Ashton Kutcher’s Monologue
[ Kutcher comes running onto Home Base, apparently unaware that he’s not wearing any pants ]
Ashton Kutcher: Thank you, thank you! Man, it is fan-tast-ic to be in New York City! Hosting has this show has been a dream of mine for, like.. I don’t even know how long! What.. like, eight months? And now, it’s finally happening! You don’t even.. this is a dream come true![ tight shot on Kutcher’s face, as thoughts race through his mind ]
Ashton Kutcher’s Thoughts: Oh, my God! I’m so pumped! Oh, my God, I’m so pumped! Everything is going perfectly.. Why do I feel like I’m forgetting something?
Ashton Kutcher: And now.. I’m hosting! This is.. this casr is amazing! I can’t beleive the job they do here every week!
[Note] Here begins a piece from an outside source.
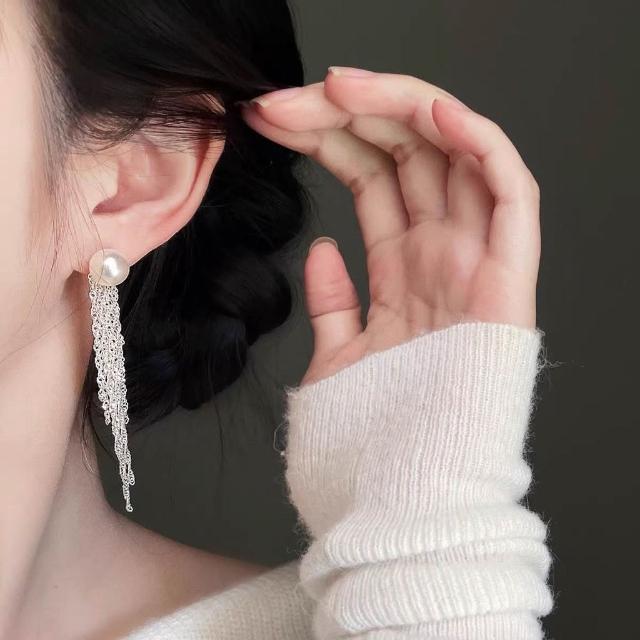 BG流行時尚新款耳環方圓臉珍珠長款流蘇耳飾女耳釘法式優雅輕奢小衆流蘇耳環

I mean, there’s so much to remember! you always feel like you’re going to forget something, like.. I don’t know.. like, your lines.. is it cool to make gay jokes around Kattan.. it’s unbelievable! You know.. it’s a lot colder in here than I thought it would be..
Ashton Kutcher’s Thoughts: I bet I forgot to zip my zipper.. Okay.. be cool.. check your zipper. Raise your hand.. slowly.. no one os noticing.. nooo.. I forgot the zipper altogether. Okay. I’m not wearing any pants. Cripes! Oh, God! Be cool. Do what everyone came here to see you do.. your fantastic impressions!
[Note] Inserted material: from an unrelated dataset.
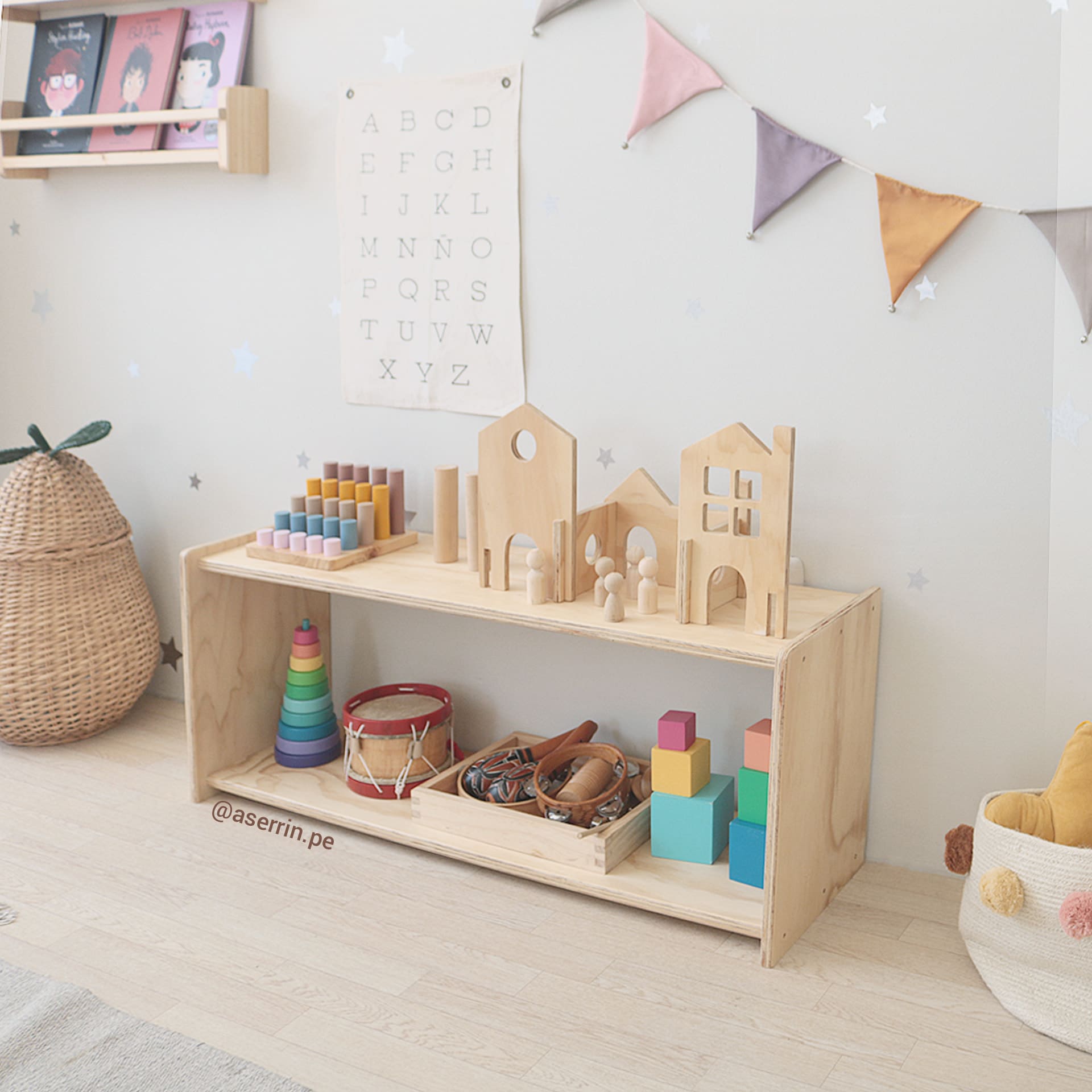 En Montessori se habla mucho de la rotación de material o juguetes, lo que hay en el estante siempre debe ser lo que tu niño necesita en su etapa. Las habilidades de tu peque avanzan y los materiales en su estante deben rotar para satisfacer esas necesidades. Como se cambian constantemente los materiales, estos pueden ser muy pequeños o muy grandes, si el estante tiene compartimientos no funcionaría siempre para guardar todos los materiales.

Ashton Kutcher: Soooo.. I was thinking about performing with 50 Cent tonight, annnd.. since Eminem couldn’t make it, and they’re kind of like partners.. I was thinking I could just, like, jump in on one of his songs, like, as Eminem.. like.. you know.. like, uh.. just be like.. “I love you like a fat kid loves cake!” Yeah, or like, like.. “I love you like Baby Hailey in a Vicadin break! I love you like Pamela loves Kid Rock! I love you like Jenny loves the block!” Just something like that, maybe..[ Maya Rudolph appears on stage ]
Maya Rudolph: Hey, hey, hey, hey!
Ashton Kutcher: Hey! Maya Rudolph, everybody!
Maya Rudolph: Hi, baby, how are you? So, what’s up? How’s about a.. how’s about a hug for Mama, huh? [ they hug ]
Ashton Kutcher’s Thoughts: Ohhh.. this is not good.. No hugging the ladies in the tightie-whities.. Abort! Abort!
Ashton Kutcher: [ coming back ] Oh.. yeah.
Maya Rudolph: Are you doing alright, Ashton?
Ashton Kutcher: Yeah! Yeah! I’m good! Um.. let’s save the hugging for the party!
Maya Rudolph: Ha-ah! Absolutely!
Chris Parnell: Hey, how about a hug for Papa?
Ashton Kutcher: Uh.. may-maybe not now, Chris..
Chris Parnell: Okay. [ chuckles ] Fair enough. Then, uh.. do you mind if I wtch the rest of your monologue from over there in that dark corner?
Ashton Kutcher: Knock yourself out, man.
Chris Parnell: I just might! [ chuckles ]
Ashton Kutcher: Alright.. I gotta get some clothes on. So, you stick around.. we got a great show, and I promise I won’t forget anything else! 50 Cent is here..And we will be right back!